23

Is it possible to control the cost of misclassification in the R package randomForest?

In my own work false negatives (e.g., missing in error that a person may have a disease) are far more costly than false positives. The package rpart allows the user to control misclassification costs by specifying a loss matrix to weight misclassifications differently. Does anything similar exist for randomForest? Should I, for instance, use the classwt option to control the Gini criterion?

smci
  • 1,456
  • 1
  • 13
  • 20
user5944
  • 231
  • 1
  • 2
  • 3

5 Answers5

8

Not really, if not by manually making RF clone doing bagging of rpart models.

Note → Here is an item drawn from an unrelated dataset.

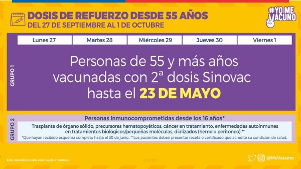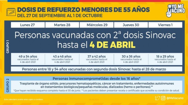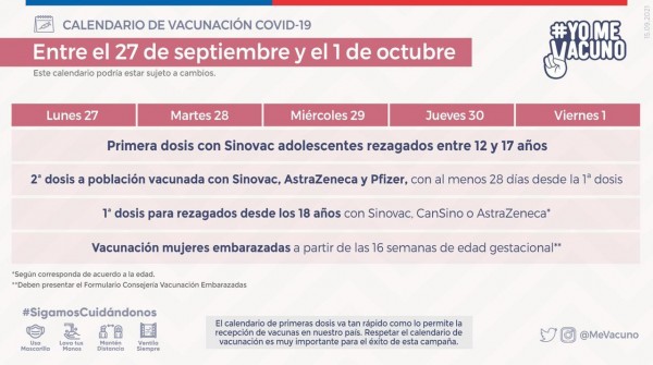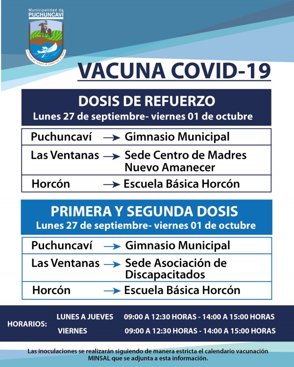 Informamos los puntos de vacunación y horarios de funcionamiento, para las personas que les corresponde vacunarse contra el COVID19, en la semana del lunes 27 de septiembre al viernes 1 de octubre . Se solicita respetar los calendarios establecidos por el Ministerio de Salud.
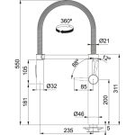 Franke 115.0393.974. Tipo di beccuccio: Standard, Colore del prodotto: Cromo, Materiale del rubinetto: Metallo. Altezza (max): 55 cm, Distanza parte più alta della canna e piano di fissaggio: 18,1 cm

Some option comes from the fact that the output of RF is actually a continuous score rather than a crisp decision, i.e. the fraction of trees that voted on some class. It can be extracted with predict(rf_model,type="prob") and used to make, for instance, a ROC curve which will reveal a better threshold than .5 (which can be later incorporated in RF training with cutoff parameter).

classwt approach also seems valid, but it does not work very well in practice -- the transition between balanced prediction and trivial casting of the same class regardless of attributes tends to be too sharp to be usable.

  • MBQ. Many thanks. (i) ROC Curve: In this instance I don't require the ROC curve as I have my own priors on what the cost weighting should be. (ii) `classwt`: Yes, I have found that in practice, and in line with other users, the results are not as expected. (iii) `cutoff`: I'm not clear about how to utilise `cutoff` in this instance and I'd welcome any further advice. – user5944 Jan 04 '13 at 16:28
3

It's recommended that if the variable you are trying to predict is not 50% for class 1 and 50% for class 2 (like most of the cases), you adjust the cutoff parameter to represents the real OOB in summary.

For example,

randomForest(data=my_data, formula, ntree = 501, cutoff=c(.96,.04))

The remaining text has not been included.